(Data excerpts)
————
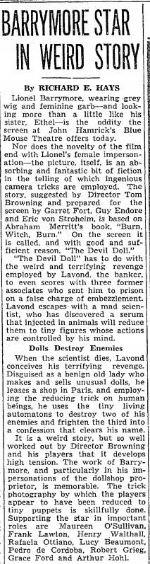 This is a collection of print media from the initial runs of 1936's "The Devil Doll" in the Pacific Northwest.
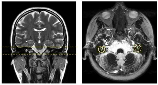 Subject imaging acquisition example: (left) volunteer coronal FSE localizer. Dashed straight yellow lines delimit the slab where the CISS-3D sequence was applied; and (right) cumulative projection of the CISS-3D sequence that includes the vestibular system, where semicircular ducts can be easily detected. The yellow circumferences denote the region where our study was conducted.
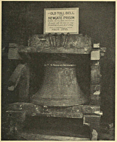 Visitors of all grades of society linger long before these narrow cells, and I have often seen them rap with their knuckles the Newgate bell, which never fails to respond with a soft mellow resonance, reminding one of the time-honoured couplet, deeply inscribed upon it:
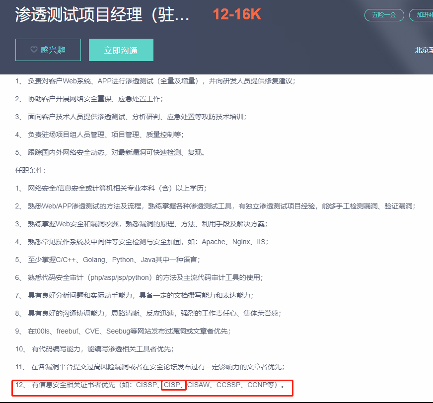 而CISP,国内权威认证,含金量很高,政府背景给认证做背书,如果想在政府、国企及重点行业从业,企业获取信息安全服务资质,参与网络安全项目,这个认证都是非常重要的。
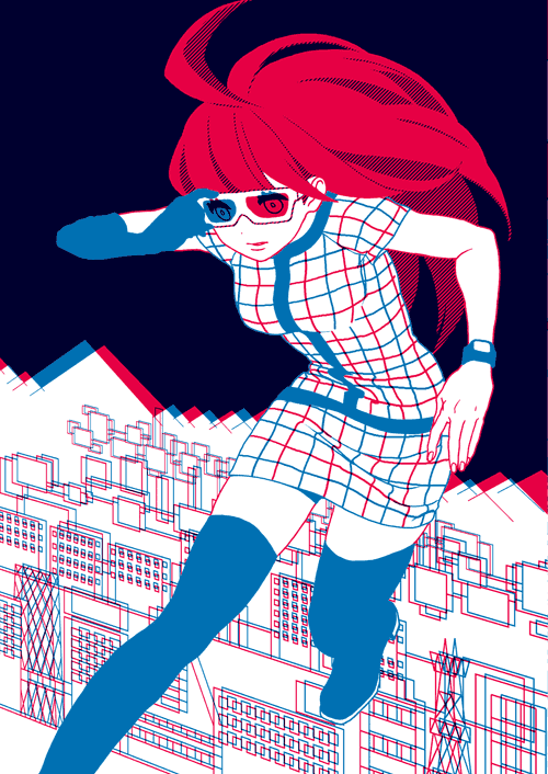 1girl3d glassesanaglyphelbow glovesfemale focusglassesglovesheterochromatic eyewearlong hairpersonificationred hairsingle glovesolothighhighstinted eyewearzettai ryouiki
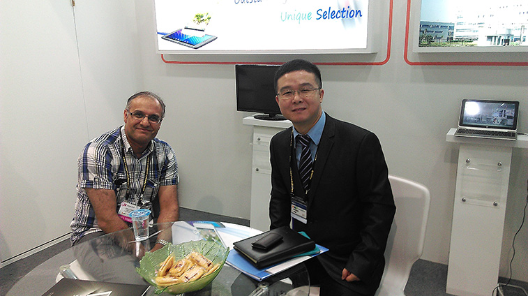 本次展会,我司主推8寸4G (FDD-LTE) 通话平板电脑,此款产品搭载MTK8752 64位A53架构八核高效芯片处理器,采用三星PLS炫屏,以钢化玻璃后壳搭配红色装饰条,外观时尚,性能出众,产品极具高端品味,深受新老客户青睐。此外,我司还展出了8.9寸,11.6寸,12.2寸windows 8.1系统平板电脑,这些产品表现尤佳,也获得了诸多好评。
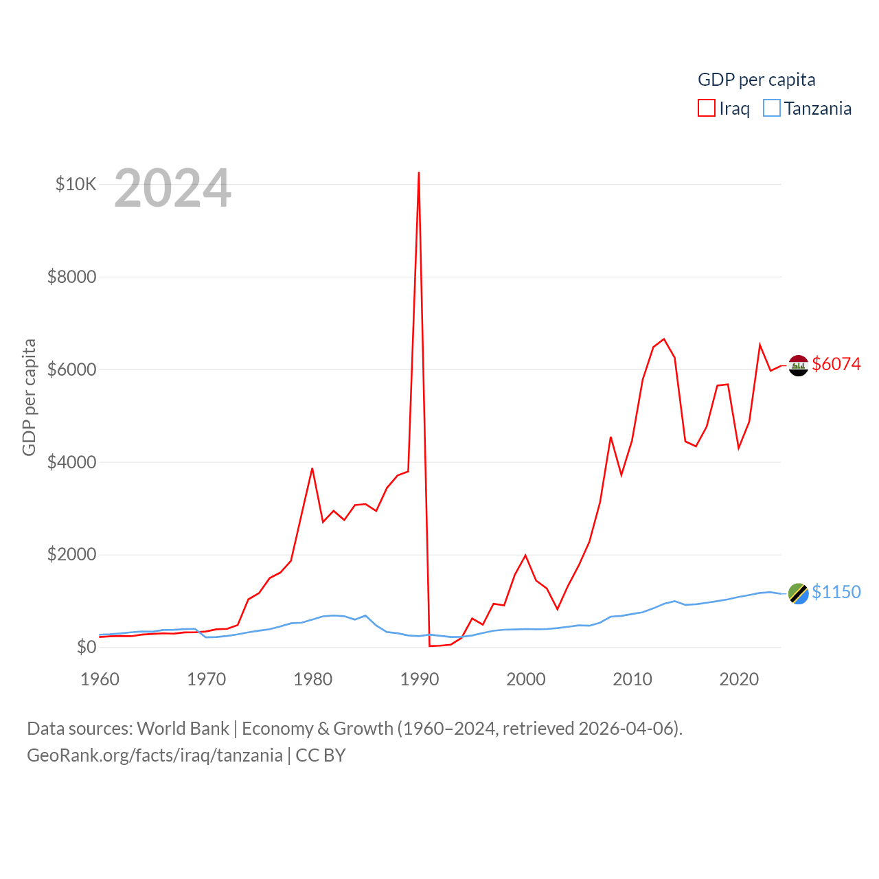 By GDP, Iraq ranks 50/197 ($280B) and Tanzania ranks 82/197 ($78.8B). By GDP per capita, Iraq ranks 113/197 ($6,074), while Tanzania ranks 170/197 ($1,150).
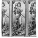 Esta es una imagen de media tonalidad de escala gris de la pieza Art Nouveau Flores rotas por Alphonse Mucha
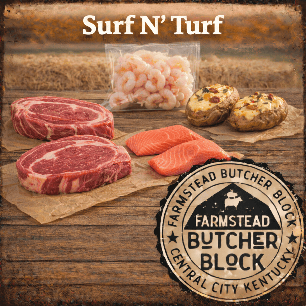 2 Boneless Ribeye 2 salmon filet 1 bag of frozen shrimp 2 twice baked potatoes
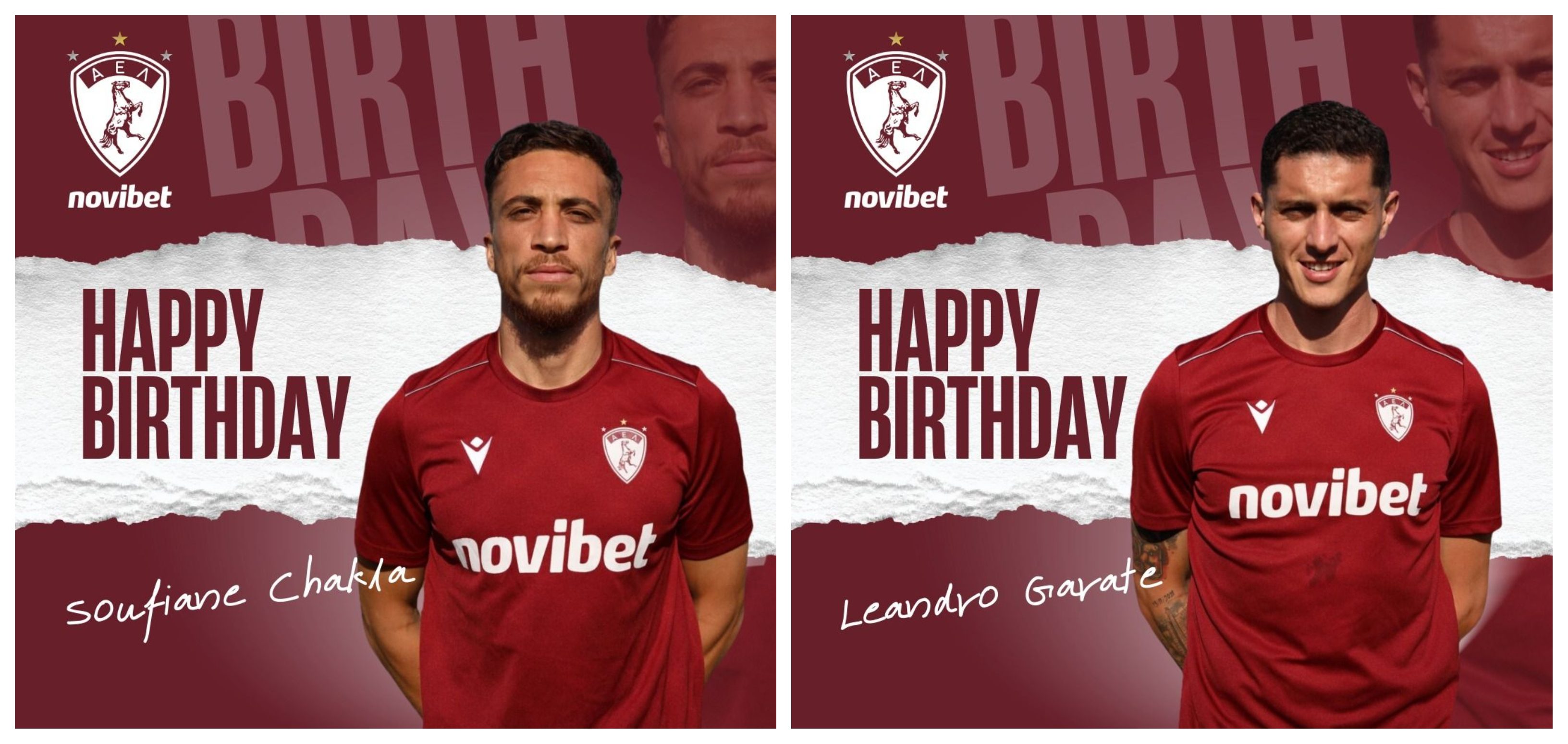 Η ΠΑΕ ΑΕΛ με αναρτήσεις της στα μέσα κοινωνικής δικτύωσης, με δύο εικόνες έστειλε τις ευχές της στους ποδοσφαιριστές της, Σοφιάν Τσάκλα και Λεάντρο Γκαράτε, που έχουν σήμερα Τρίτη 2 Σεπτεμβρίου 2025 τα γενέθλιά τους.
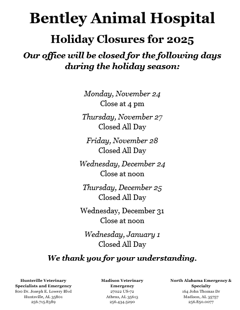 Bentley Animal Hospital is proud to serve Huntsville, AL and surrounding areas. We are dedicated to providing the highest level of veterinary medicine along with friendly, compassionate service.
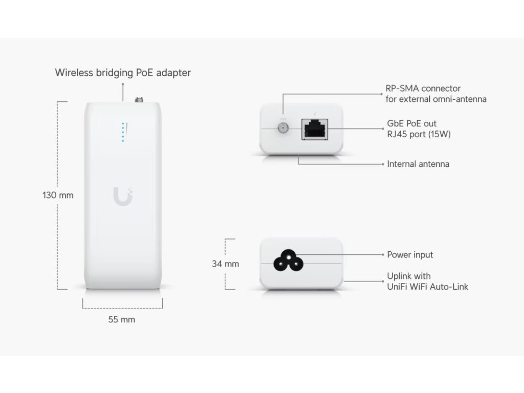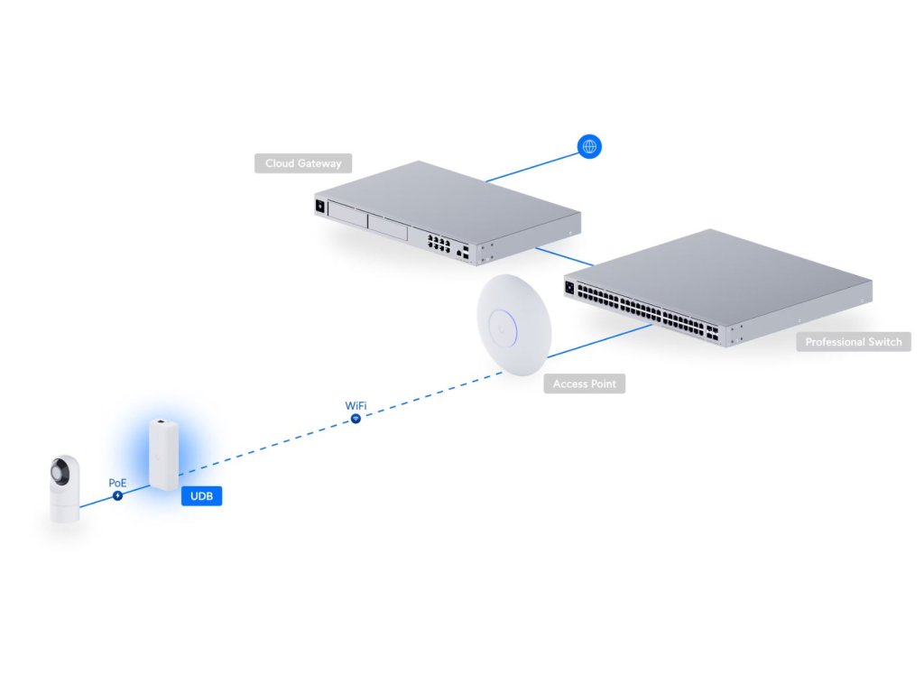 Tento plug-and-play 5 GHz bezdrátový bridge umožňuje point-to-point připojení k jinému UDB zařízení na krátké vzdálenosti až několika stovek metrů. Disponuje jedním GbE RJ-45 PoE-Out portem pro napájení jiného zařízení, jako jsou kamery a další. Samotné zařízení je napájeno kabelem ze sítě.
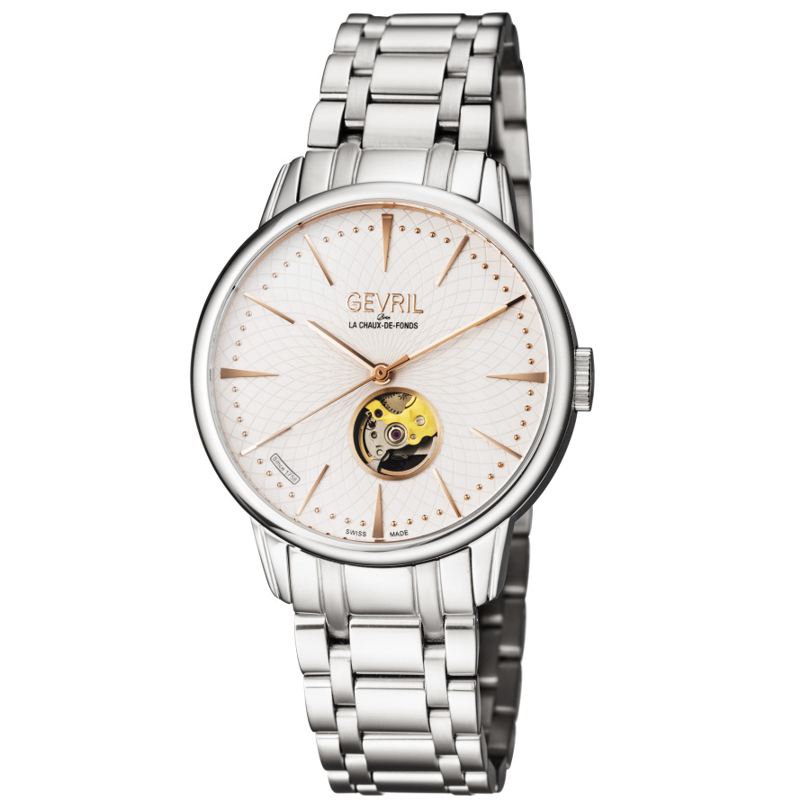 Silver-tone stainless steel case with a silver-tone stainless steel bracelet. Fixed silver-tone stainless steel bezel. Beige dial with gold-tone hands and index hour markers. Minute markers around the outer rim. Dial Type: Analog. Ruben & Sons Caliber MD3G automatic movement with a 42-hour power reserve. Scratch resistant sapphire crystal. Pull / push crown. Transparent case back. Round case shape, case size: 43 mm, case thickness: 13 mm. Band width: 22 mm, band length: 9.5 inches. Butterfly clasp. Water resistant at 50 meters / 165 feet. Functions: hour, minute, second. Casual watch style. Watch label: Swiss Made. Gevril Fashion Beige Dial Mens Watch 9601B.
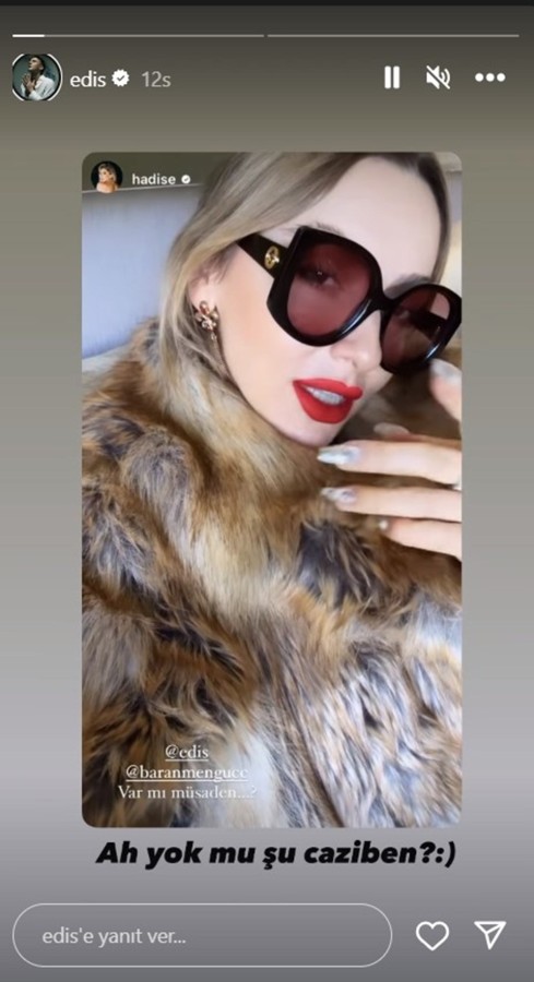 Hadise, Edis ile Baran Mengüç'ün yeni şarkısını dinlediği anları paylaştı. Edis, Hadise'nin sosyal medya paylaşımına esprili bir yanıt verdi.
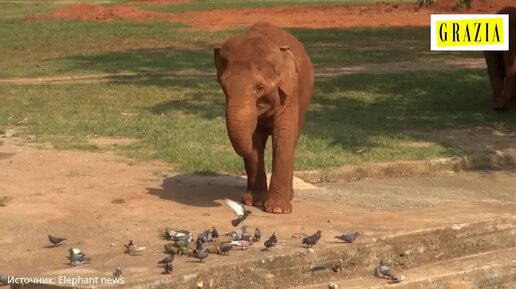 «С барского хобота!» Радушная СЛОНИХА решила поделиться едой со стаей голубей — неожиданная дружба!
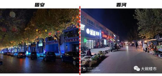 下面这张图,是香河和固安在晚上8:30分的亮灯率实拍——
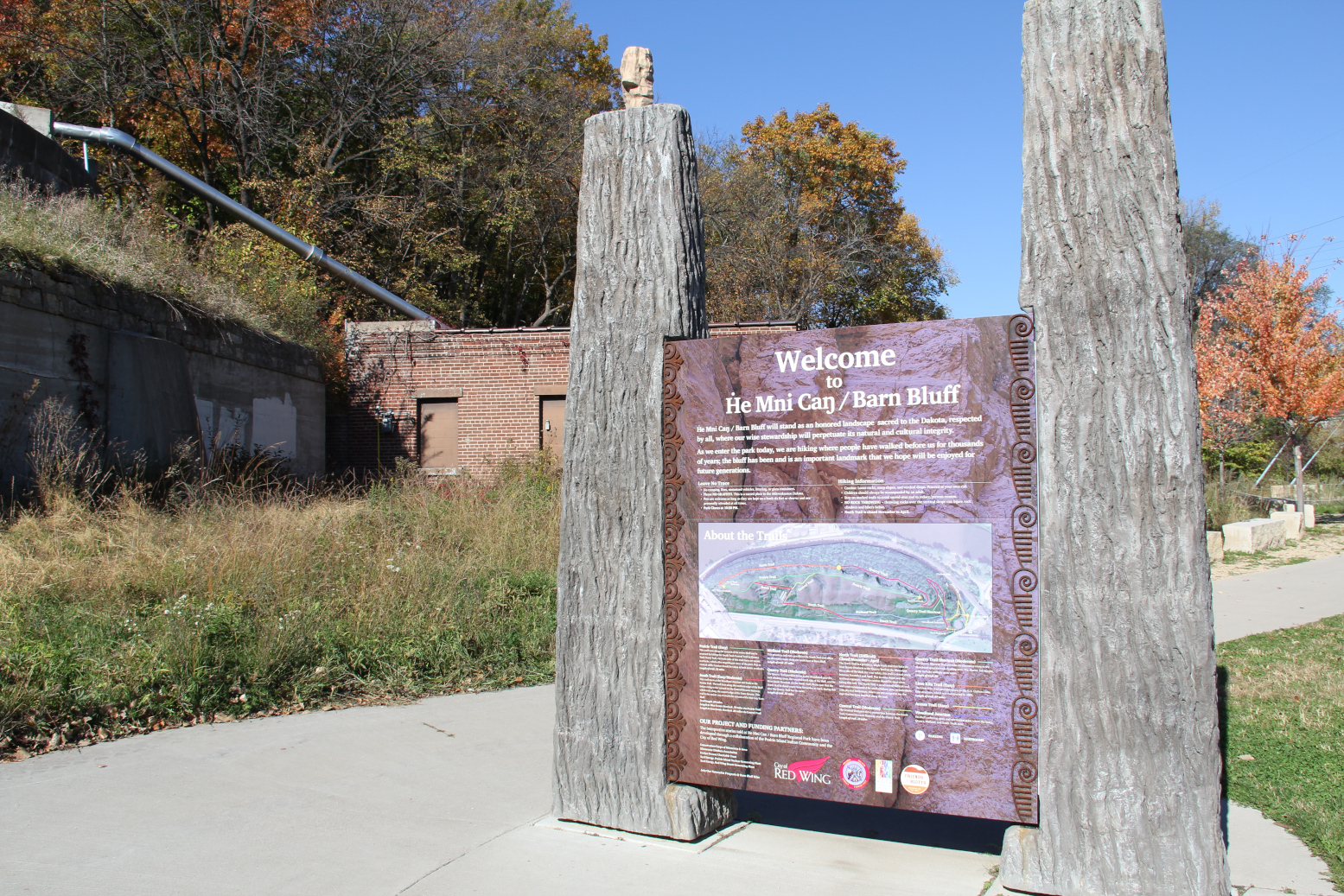 This sign welcomes visitors to Barn Bluff. (Minnesota Prairie Roots copyrighted photo October 2025)
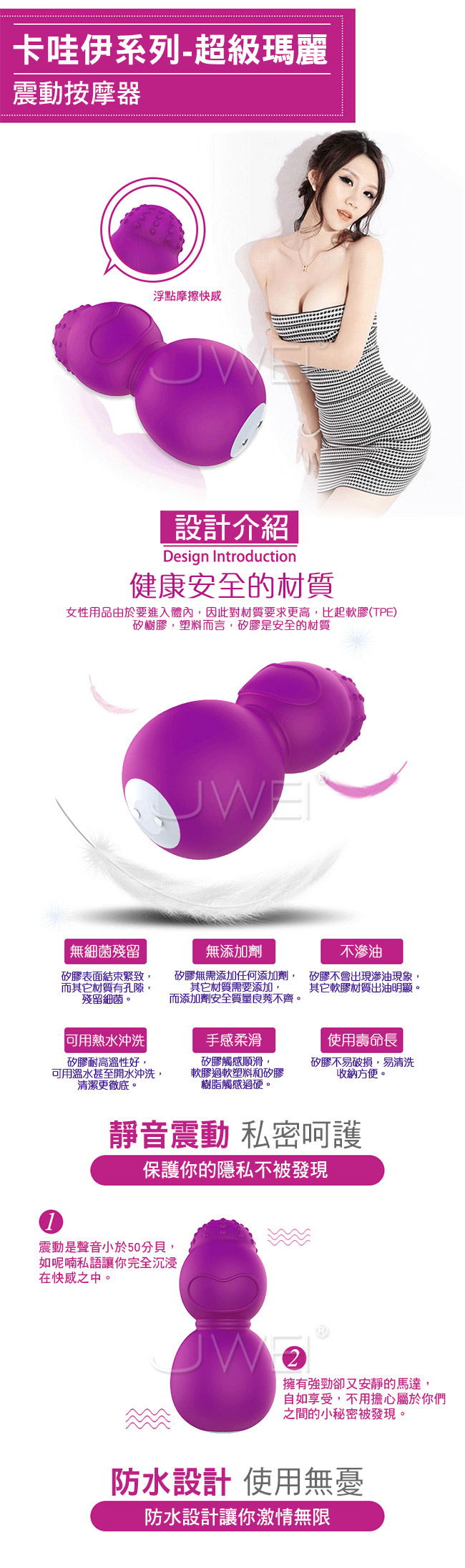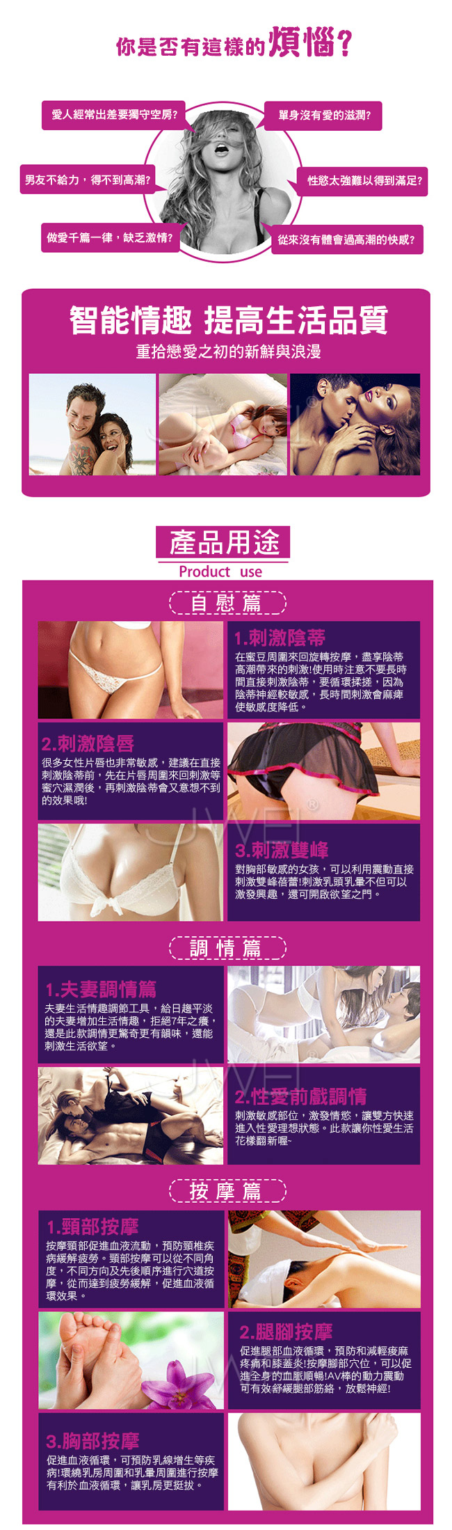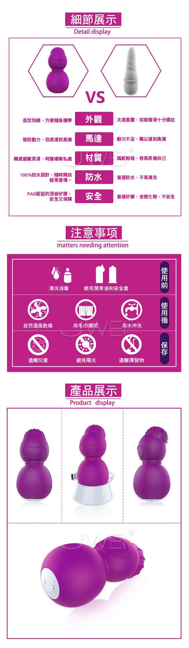 此款由於要進入體內因此對材質要求更高,比起矽樹膠、塑膠而言,矽膠是安全的材質,讓您更安心使用。且靜謐防水設計,保護您的隱私不被發現,如呢喃私語讓你完全沉浸在快感之中,不受場地所束縛。大小適宜,一手掌握,握感舒適。造型時尚呆萌可愛,令人愛不釋手一體設計,擺脫有線束縛。
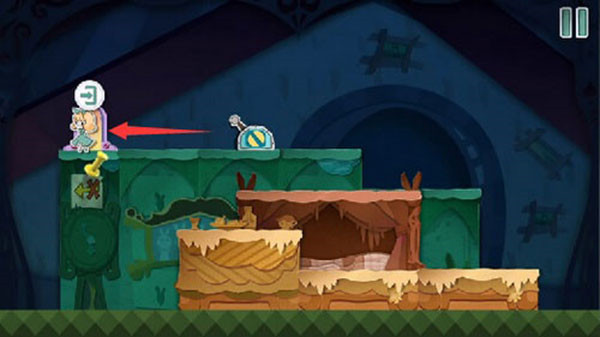 4、将带有拉杆的绿色方块移过来,移动到绿色方块上按下拉杆。
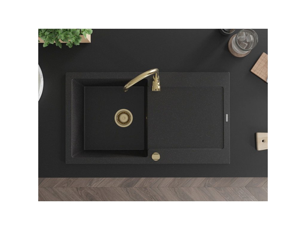 Granitový drez Mexen Leo s 1 misou, odkapávačom a batériou Telma, čierna/strieborná metalíza - 6501-73-670200-50
————
Activity
Return the opening line of the data above and every line after it up to and including the line that holds "本次展会,我司主推8寸4G (FDD-LTE) 通话平板电脑,此款产品搭载MTK8752"; pictures stay out.

Task solution
 This is a collection of print media from the initial runs of 1936's "The Devil Doll" in the Pacific Northwest.
 Subject imaging acquisition example: (left) volunteer coronal FSE localizer. Dashed straight yellow lines delimit the slab where the CISS-3D sequence was applied; and (right) cumulative projection of the CISS-3D sequence that includes the vestibular system, where semicircular ducts can be easily detected. The yellow circumferences denote the region where our study was conducted.
 Visitors of all grades of society linger long before these narrow cells, and I have often seen them rap with their knuckles the Newgate bell, which never fails to respond with a soft mellow resonance, reminding one of the time-honoured couplet, deeply inscribed upon it:
 而CISP,国内权威认证,含金量很高,政府背景给认证做背书,如果想在政府、国企及重点行业从业,企业获取信息安全服务资质,参与网络安全项目,这个认证都是非常重要的。
 1girl3d glassesanaglyphelbow glovesfemale focusglassesglovesheterochromatic eyewearlong hairpersonificationred hairsingle glovesolothighhighstinted eyewearzettai ryouiki
 本次展会,我司主推8寸4G (FDD-LTE) 通话平板电脑,此款产品搭载MTK8752 64位A53架构八核高效芯片处理器,采用三星PLS炫屏,以钢化玻璃后壳搭配红色装饰条,外观时尚,性能出众,产品极具高端品味,深受新老客户青睐。此外,我司还展出了8.9寸,11.6寸,12.2寸windows 8.1系统平板电脑,这些产品表现尤佳,也获得了诸多好评。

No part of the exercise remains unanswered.